As I lay here in this cell, alone and afraid,
The memories of that night haunt me like a masquerade.
I never thought that I would be in this situation,
Trapped by these men of tyranny and domination.
The junta guard, he took me with such force,
His muscular frame and shiny boots, no remorse.
He violated me in ways I can’t erase,
And now I fear, this baby is his disgrace.
I used to be a leader, a fighter of the cause,
Devoted to the Marxist ideals, a rebel without pause.
But now I’m just a prisoner, stripped of all my might,
Forced to wear this lingerie, a symbol of my plight.
I thought I had control, but now I see the truth,
That I am nothing more than a toy for these men to use.
And now, with this child growing inside of me,
I feel like I’m betraying all that I believe.
The thought of giving birth to a child of my oppressor,
Fills me with such shame, I cannot bear the thought any longer.
A new life created from the misery of this prison,
A product of the violence and degradation I’ve been given.
I don’t know how to reconcile this conflicting emotion,
The love I have for this child, and my political devotion.
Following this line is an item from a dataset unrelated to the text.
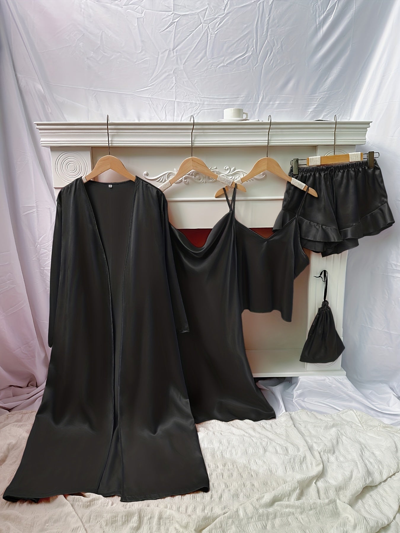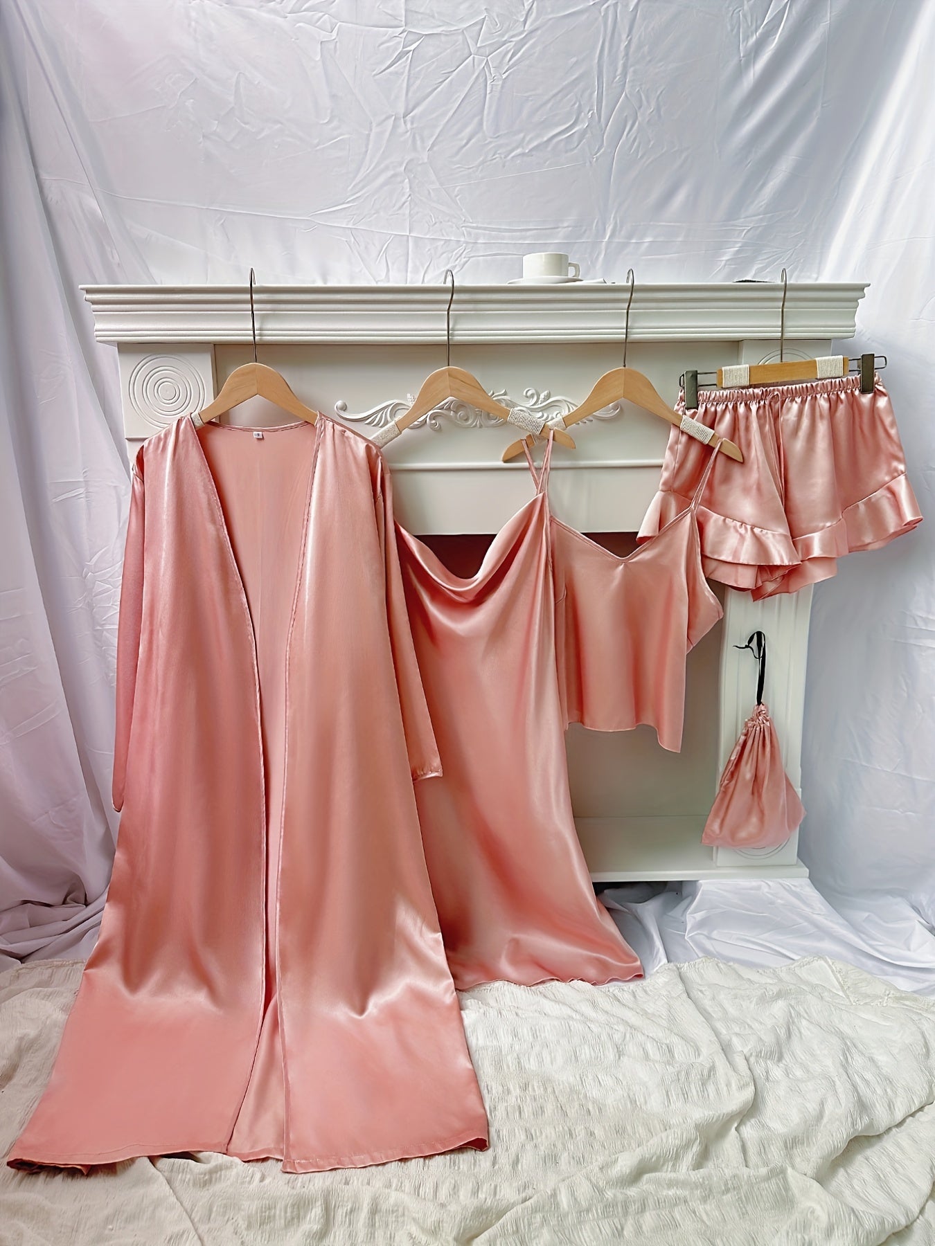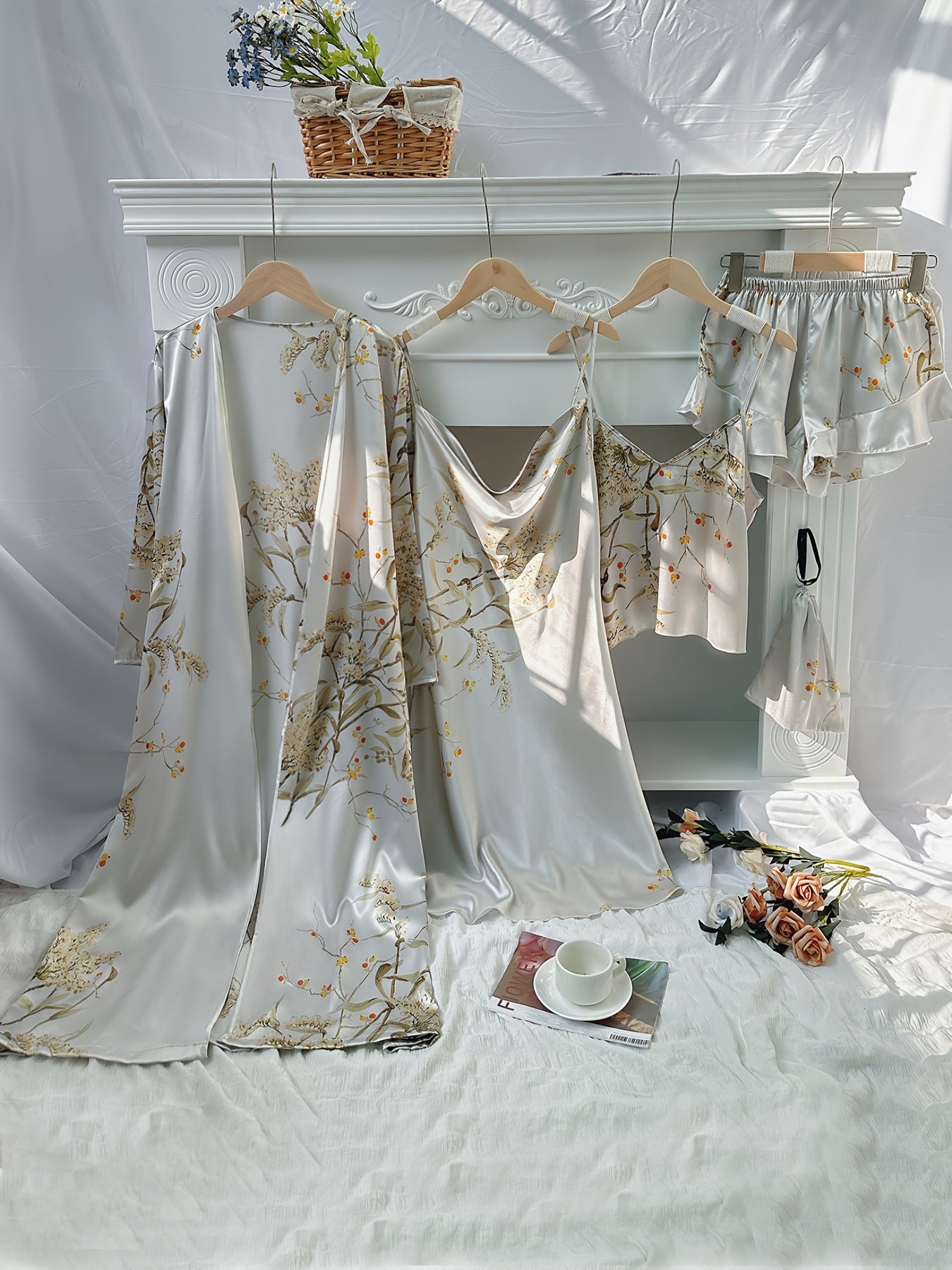 Autumn Winter Women's Printed Pajamas - Thin Sleepwear Set with Suspender Shorts & Skirt, Little Cherry Design

But one thing I do know, is that I will not be broken,
For in this pregnancy, I will find the strength to keep fighting.
In chains and captive, my soul is torn
With a burden heavy, I lay in mourn
A seed of shame, planted in my womb
From the junta guard, in my cell, entombed
The night is vivid, still in my mind
When I was taken, so cruelly confined
His touch so harsh, his words so cruel
My body violated, shattered, used
Now I carry life, within me grown
A child of misery, of fear, unknown
A symbol of the oppression I fight
A constant reminder of my plight
Will I be capable, of loving this child
Whose father is the source of my wild
A man who stands for all I revile
An embodiment of dictatorship, vile
I am a bearer, of the Marxist sword
Dedicated to a cause, I can’t afford
To ignore the life, growing inside
Or turn my back, on this untamed tide
So I must face, this inner strife
And find a way, to love this life
For it is innocent, and so pure
A child of mine, I must endure.
In my cell of sorrow and fear,
I’m a prisoner, bound by chains so near.
My body aches with memories so cruel,
Of the night I was violated, my soul was the fool.
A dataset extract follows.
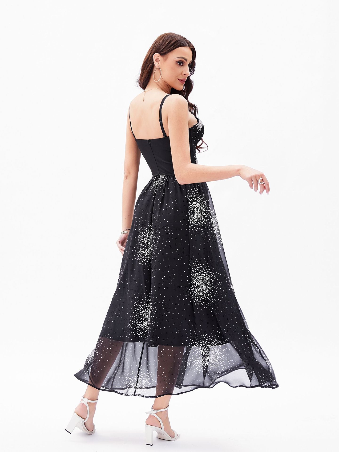 فستان كورسيه قطعة واحدة من الدانتيل الجميل مع ظهر مفتوح وطبقات مزخرفة بنقاط بولكا
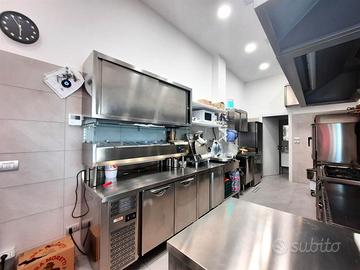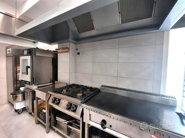 - Attrezzature professionali di marca complete (piastre cottura, forno ventilazione, frigoriferi, freezer)

The junta guards, with their mighty power,
Mistreated me, hour after hour.
Their insults, mocking and cruel jeers,
Left me feeling so low, with a pain that sears.
In this cell, I’m just a broken soul,
With bruises, scars and wounds that never grow old.
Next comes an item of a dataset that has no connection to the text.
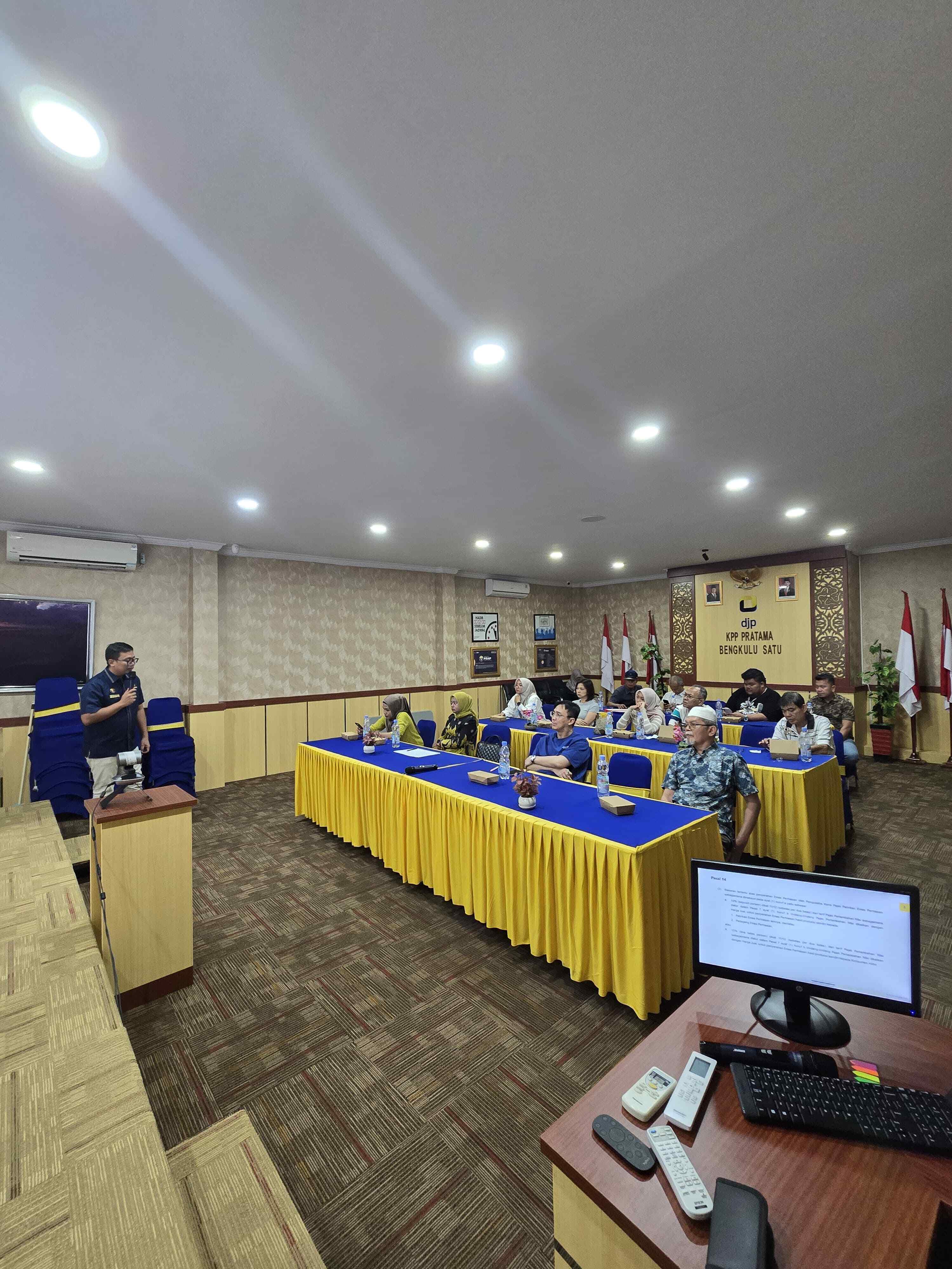 Kantor Pelayanan Pajak (KPP) Pratama Bengkulu Satu menyelenggarakan kelas pajak edisi pedagang emas di Aula Rafflesia KPP Pratama Bengkulu Satu, Kelurahan Anggut Atas, Kecamatan Ratu Samban, Kota Bengkulu (Rabu, 21/5). Kegiatan ini bertujuan untuk meningkatkan pemahaman pedagang emas terkait kewajiban perpajakan atas transaksi penjualan emas perhiasan maupun emas batangan.

I try to be strong, to not give in to despair,
But my spirit is crushed, beyond repair.
The thought of a child, conceived in pain,
A new life born, in this world so insane.
A child of my enemy, a junta guard so strong,
The thought of it, tears me apart, all day long.
I’m a Marxist woman, once so proud,
With political beliefs, that I stood out loud.
But now I’m here, in this prison cell,
My body a prisoner, my mind in hell.
I’m torn between love and hate, so confused,
For the child I might bear, my heart is bruised.
Can I love a child, from a man I despise,
Or will my political beliefs, make my love a disguise?
I’m lost in my thoughts, in this cell so dark,
With the constant violation, leaving its mark.
I’m a woman of strength, once full of fight,
But now I’m just a shadow, lost in the night.
Trapped in this cell of misery and pain,
A body and heart that once felt no shame,
But now I lay here, feeling so low,
As the junta guard’s touch left a wound that won’t go.
I fought for a cause, for equality,
For a world free of oppression and cruelty,
But now I am nothing, just a broken soul,
Betrayed by my body that surrendered control.
I thought I was strong, I thought I was brave,
A leader in the fight to break the shackles and enslavement,
But now I am just a shell, a husk of what was,
A victim of violence, a prisoner of their laws.
My heart aches with sorrow, my mind filled with doubt,
For I have been violated, I have been found out,
Betrayed by my own body, my own flesh and blood,
How can I love this child, born from such a cruel flood?
But still, I hold on, I cling to my dreams,
For a world that’s fair, for a world that’s free,
For I will not let them take away what I believe,
For I am a marxist woman, and I will not leave.